- _Data shown_
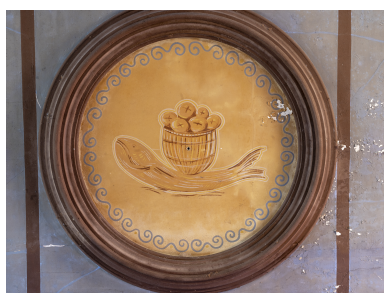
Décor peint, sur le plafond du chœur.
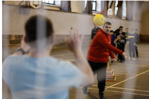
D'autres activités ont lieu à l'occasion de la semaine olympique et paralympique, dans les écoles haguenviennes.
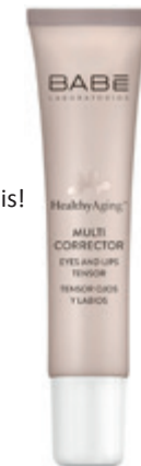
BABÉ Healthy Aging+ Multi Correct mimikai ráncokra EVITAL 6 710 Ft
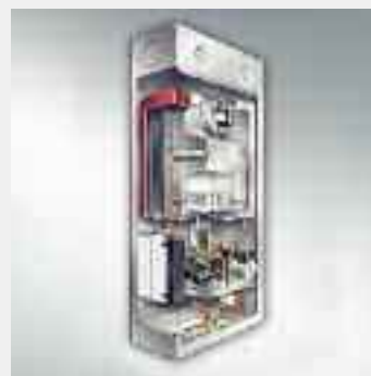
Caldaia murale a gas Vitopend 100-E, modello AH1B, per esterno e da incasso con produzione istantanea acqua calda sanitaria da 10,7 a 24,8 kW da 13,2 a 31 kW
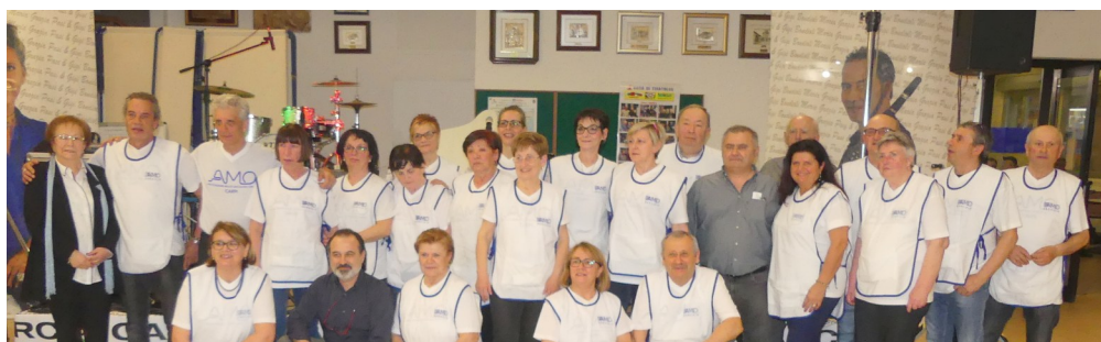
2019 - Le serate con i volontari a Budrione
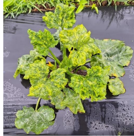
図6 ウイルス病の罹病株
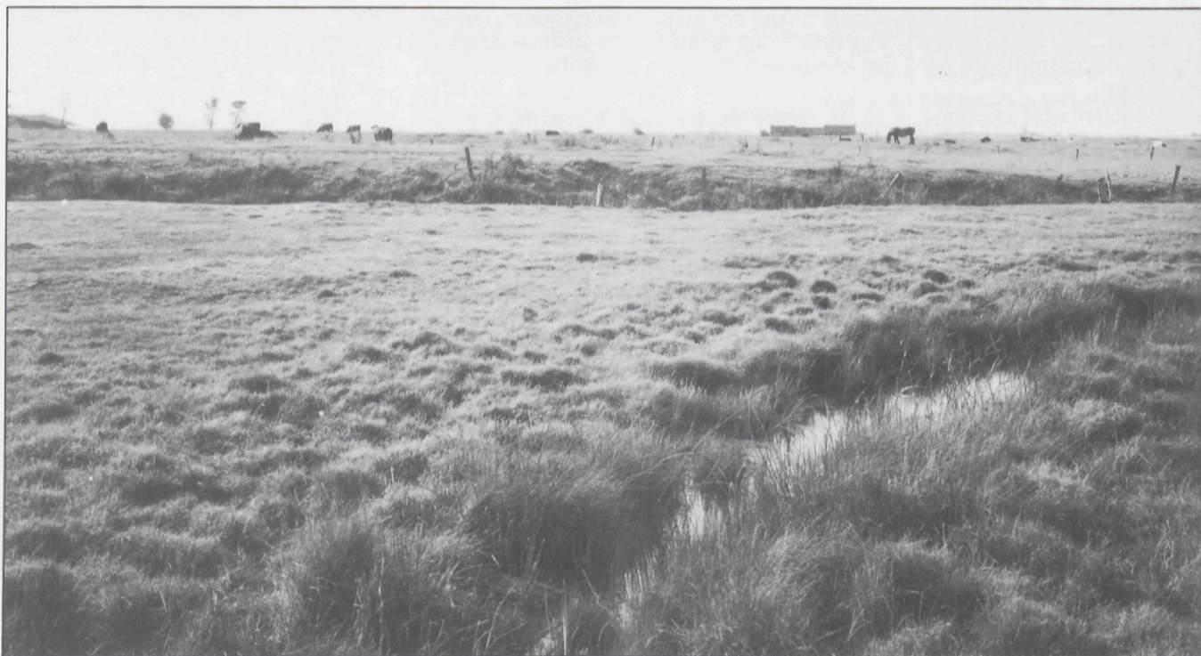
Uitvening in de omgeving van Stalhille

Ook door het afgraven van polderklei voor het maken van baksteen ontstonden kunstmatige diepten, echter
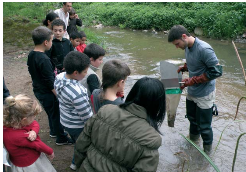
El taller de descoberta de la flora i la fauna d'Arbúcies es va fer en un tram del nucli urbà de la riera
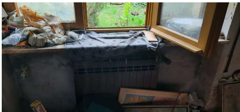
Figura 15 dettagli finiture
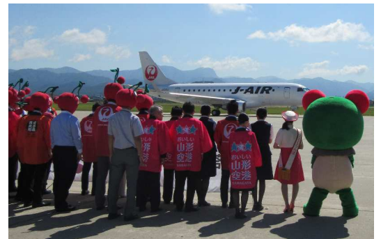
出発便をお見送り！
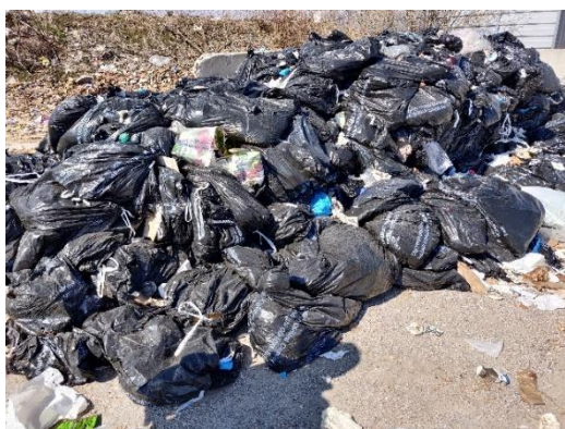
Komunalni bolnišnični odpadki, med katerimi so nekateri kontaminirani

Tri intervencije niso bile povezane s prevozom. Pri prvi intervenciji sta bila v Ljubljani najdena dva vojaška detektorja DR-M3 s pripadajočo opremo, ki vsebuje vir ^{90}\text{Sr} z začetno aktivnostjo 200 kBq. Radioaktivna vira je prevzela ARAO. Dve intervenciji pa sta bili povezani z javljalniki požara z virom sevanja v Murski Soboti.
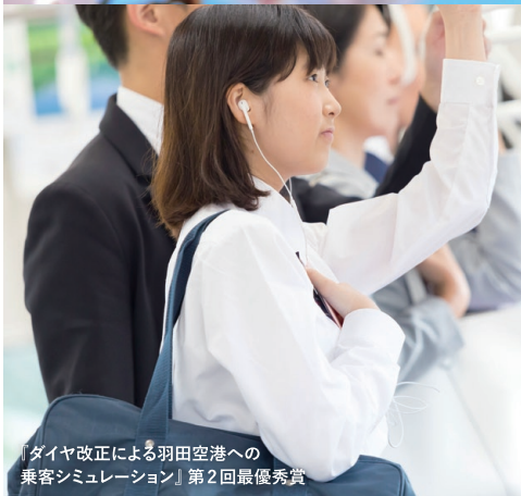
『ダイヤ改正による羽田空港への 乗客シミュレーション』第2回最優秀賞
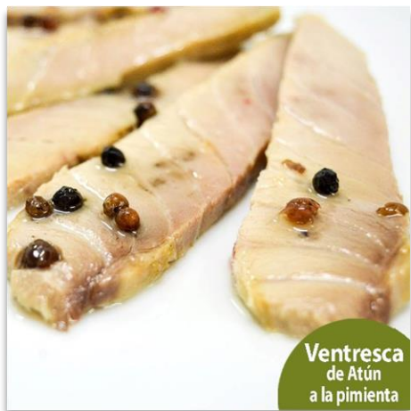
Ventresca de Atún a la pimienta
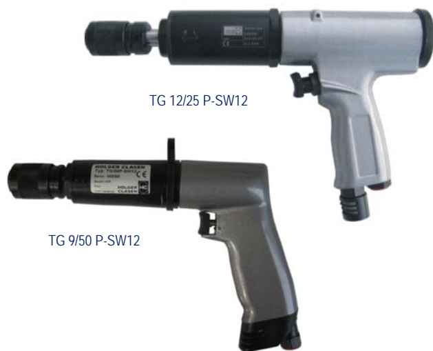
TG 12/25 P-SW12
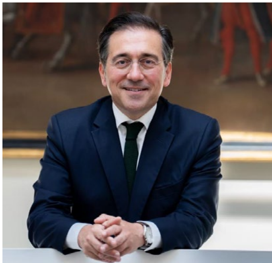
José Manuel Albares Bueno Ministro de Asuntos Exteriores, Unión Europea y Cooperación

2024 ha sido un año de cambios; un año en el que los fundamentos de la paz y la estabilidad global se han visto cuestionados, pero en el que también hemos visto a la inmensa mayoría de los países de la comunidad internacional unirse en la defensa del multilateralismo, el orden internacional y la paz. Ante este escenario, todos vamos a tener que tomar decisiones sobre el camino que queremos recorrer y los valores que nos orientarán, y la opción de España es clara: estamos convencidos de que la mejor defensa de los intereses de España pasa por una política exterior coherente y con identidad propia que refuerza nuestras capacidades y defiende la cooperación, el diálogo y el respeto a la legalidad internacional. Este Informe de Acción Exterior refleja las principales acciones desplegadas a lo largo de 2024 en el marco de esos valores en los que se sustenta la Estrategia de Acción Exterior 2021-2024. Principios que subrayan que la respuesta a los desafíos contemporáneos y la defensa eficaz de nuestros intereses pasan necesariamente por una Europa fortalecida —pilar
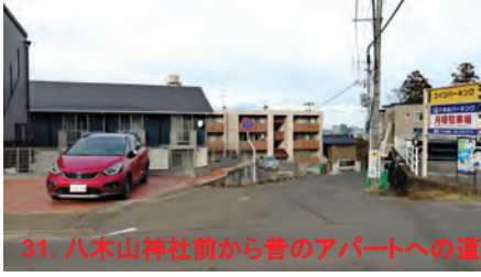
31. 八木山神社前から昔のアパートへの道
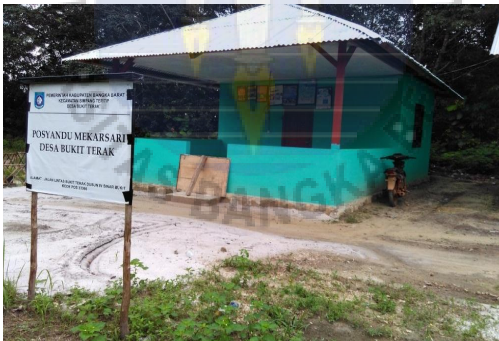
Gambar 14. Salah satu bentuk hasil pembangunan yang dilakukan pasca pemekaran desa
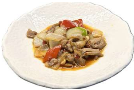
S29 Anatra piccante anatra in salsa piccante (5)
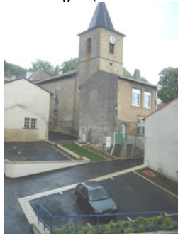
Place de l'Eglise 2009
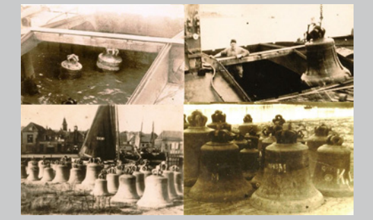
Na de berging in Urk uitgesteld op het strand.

- _Exercise aim_
Every line from the top of the material above through the line with "José Manuel Albares" should be duplicated exactly, please; leave out the pictures.

- _Expected answer_
Décor peint, sur le plafond du chœur.
D'autres activités ont lieu à l'occasion de la semaine olympique et paralympique, dans les écoles haguenviennes.
BABÉ Healthy Aging+ Multi Correct mimikai ráncokra EVITAL 6 710 Ft
Caldaia murale a gas Vitopend 100-E, modello AH1B, per esterno e da incasso con produzione istantanea acqua calda sanitaria da 10,7 a 24,8 kW da 13,2 a 31 kW
2019 - Le serate con i volontari a Budrione
図6 ウイルス病の罹病株
Uitvening in de omgeving van Stalhille

Ook door het afgraven van polderklei voor het maken van baksteen ontstonden kunstmatige diepten, echter
El taller de descoberta de la flora i la fauna d'Arbúcies es va fer en un tram del nucli urbà de la riera
Figura 15 dettagli finiture
出発便をお見送り！
Komunalni bolnišnični odpadki, med katerimi so nekateri kontaminirani

Tri intervencije niso bile povezane s prevozom. Pri prvi intervenciji sta bila v Ljubljani najdena dva vojaška detektorja DR-M3 s pripadajočo opremo, ki vsebuje vir ^{90}\text{Sr} z začetno aktivnostjo 200 kBq. Radioaktivna vira je prevzela ARAO. Dve intervenciji pa sta bili povezani z javljalniki požara z virom sevanja v Murski Soboti.
『ダイヤ改正による羽田空港への 乗客シミュレーション』第2回最優秀賞
Ventresca de Atún a la pimienta
TG 12/25 P-SW12
José Manuel Albares Bueno Ministro de Asuntos Exteriores, Unión Europea y Cooperación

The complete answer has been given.